At the neurophysiological level, ACEs are linked to restricted blood flow to the prefrontal cortex, impeding development, which was subsequently linked to poorer executive functioning (41, 42). ACEs are also associated with elevated cortisol, promoting amyloid β plaque deposits. The accumulation of these plaques is related to brain atrophy and accelerated adulthood cognitive impairment (41). Additionally, ACE may be related to heightened levels of systemic inflammation, it also would play an important role in the pathogenesis of adulthood cognitive impairment (42).
In this meta-analysis, we observed substantial heterogeneity. This heterogeneity mainly stemmed from the following aspects. Firstly, the wide age range 37–75 years in CTQ analyses may have introduced bias due to differences in baseline health, cognitive function and recall perspectives across age groups.
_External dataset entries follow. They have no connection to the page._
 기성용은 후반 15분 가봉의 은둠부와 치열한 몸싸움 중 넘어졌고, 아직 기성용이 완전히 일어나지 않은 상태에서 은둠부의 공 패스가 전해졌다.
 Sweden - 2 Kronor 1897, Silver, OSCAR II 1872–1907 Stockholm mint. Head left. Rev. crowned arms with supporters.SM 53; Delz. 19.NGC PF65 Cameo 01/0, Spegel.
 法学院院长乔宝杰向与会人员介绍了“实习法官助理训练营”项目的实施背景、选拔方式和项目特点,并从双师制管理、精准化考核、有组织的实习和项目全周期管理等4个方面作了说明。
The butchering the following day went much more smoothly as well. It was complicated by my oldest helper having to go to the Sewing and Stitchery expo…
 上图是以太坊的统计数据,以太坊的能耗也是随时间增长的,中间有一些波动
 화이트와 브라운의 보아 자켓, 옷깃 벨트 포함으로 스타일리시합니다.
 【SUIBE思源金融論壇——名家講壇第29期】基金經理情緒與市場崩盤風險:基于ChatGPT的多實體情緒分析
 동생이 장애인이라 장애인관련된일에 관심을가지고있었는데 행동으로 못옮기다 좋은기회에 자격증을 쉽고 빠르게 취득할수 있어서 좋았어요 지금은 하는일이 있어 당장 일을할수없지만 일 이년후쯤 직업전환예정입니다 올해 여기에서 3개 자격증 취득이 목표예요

Secondly, two enrolled patients had major depressive disorder, which is an important confounder as MD is associated with both higher ACEs incidence and cognitive impairment (43, 44). Thirdly, common modifiable risk factors were insufficiently controlled, specifically, common modifiable risk factors, including diabetes, thyroid dysfunction, cardiovascular disease, and sensory impairments, were not systematically controlled or excluded (45–47).
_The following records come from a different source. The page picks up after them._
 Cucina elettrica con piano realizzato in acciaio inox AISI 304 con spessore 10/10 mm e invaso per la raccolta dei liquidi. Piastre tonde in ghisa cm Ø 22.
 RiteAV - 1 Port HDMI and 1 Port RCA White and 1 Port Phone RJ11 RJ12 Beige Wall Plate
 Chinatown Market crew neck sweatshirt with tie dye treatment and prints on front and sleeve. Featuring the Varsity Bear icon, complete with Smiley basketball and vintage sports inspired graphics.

This study has several limitations. First, the retrospective observational study designs utilized in the included research did not establish causal relationships but rather indicated associations. However, given the nature of our study, these designs were the most practical and suitable approach. Second, the number of included studies and the number of events may limit the generalizability of our results.
Conclusion
5
In conclusion, the findings of this systematic review and meta-analysis have suggested that ACEs may be associated with an increased risk of cognitive impairment in adulthood, specifically being under 65 years old, the total CTQ score and emotional neglect. The findings also indicate that early identification should be undertaken among those with cognitive impairment associated with ACEs.